Ohtahara syndrome (also known as early infantile epileptic encephalopathy, EIEE) is a syndrome characterized by frequent intractable seizures and severe early encephalopathy resulting in limited development and reduced life expectancy. Tonic seizures predominate, myoclonic seizures are uncommon, distinguishing this syndrome from early myoclonic encephalopathy. Treatable metabolic etiologies (especially pyridoxine and pyridoxal-5-phosphate disorders) should be excluded early.
NOTE Ohtahara syndrome is considered an 'epileptic encephalopathy'. This term denotes the concept that the epileptic activity itself might directly contribute additional cognitive and behavioral impairments over those expected from the underlying etiology alone, and that suppression of epileptic activity might minimize this additional impairment.

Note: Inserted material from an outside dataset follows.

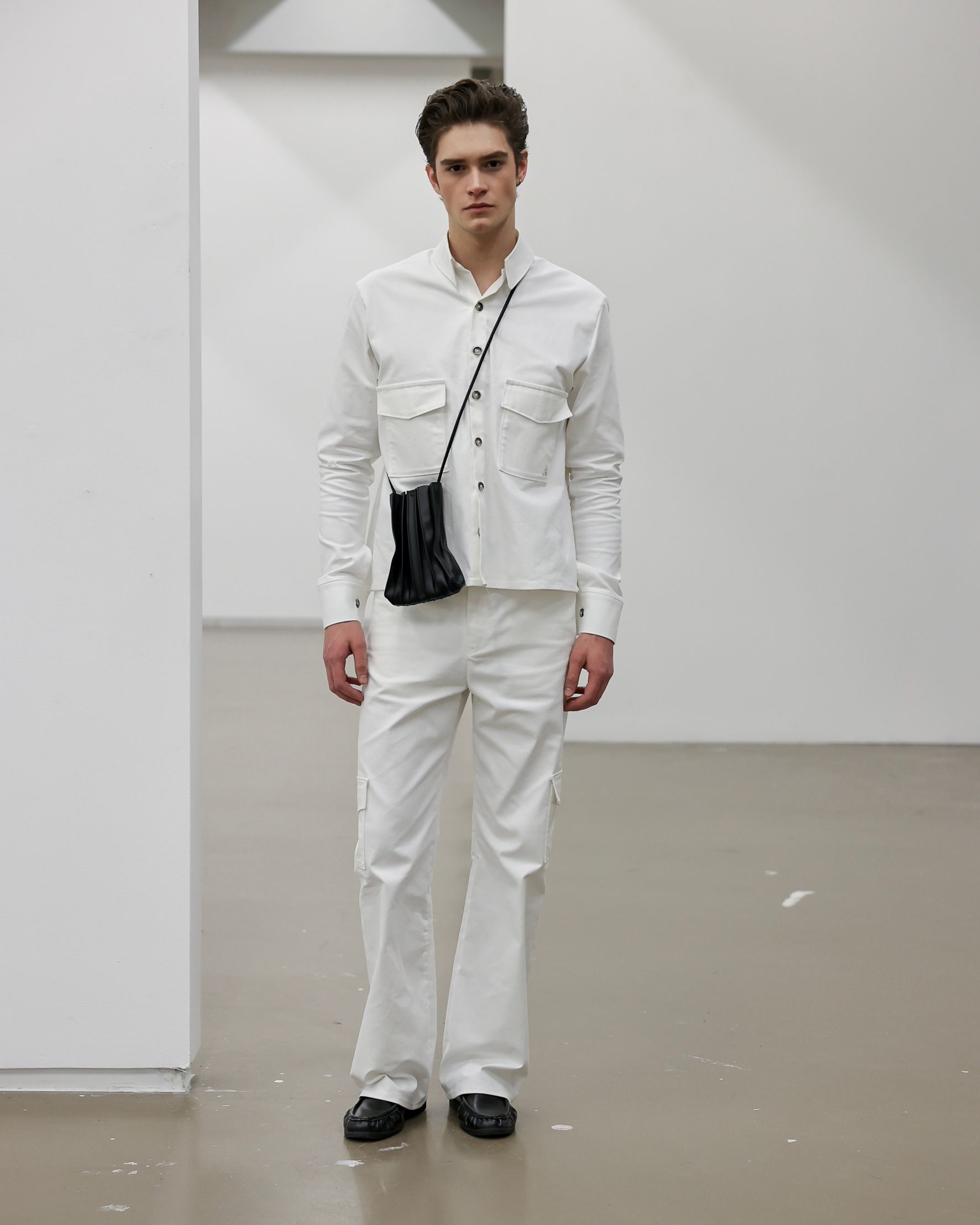 The straight denim trousers, functional and structured with side pockets, carry the essentials without excess. The white denim shirt extends the line: straight, precise, utilitarian. Only the anthracite buttons break the continuity — a discreet reminder of what has been left behind.
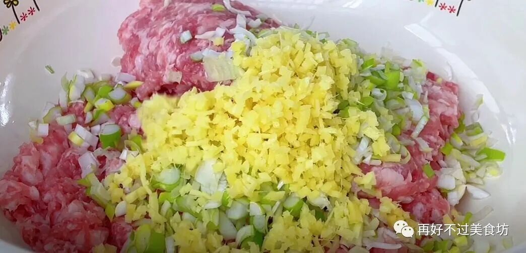 4、再准备一颗大葱,将其切成葱花,再把准备好的老姜切成片,然后切成姜末,切好后,一起倒在肉馅上。

This syndrome has onset in the first month of life (range 1-3 months). Both sexes are affected equally. Antecedent and birth history is typically normal. Head size is typically normal, however microcephaly may occur. Neurological examination is abnormal in keeping with underlying structural brain abnormalities (if any) and the presence of severe neurological impairment. Abnormal neurological behavior may be present prior to onset of seizures. Severe developmental delay is seen, with or without regression. Children with this syndrome may evolve to have West or Lennox Gastaut syndrome.
There is overlap in the etiologies that cause Ohtahara syndrome and early myoclonic encephalopathy.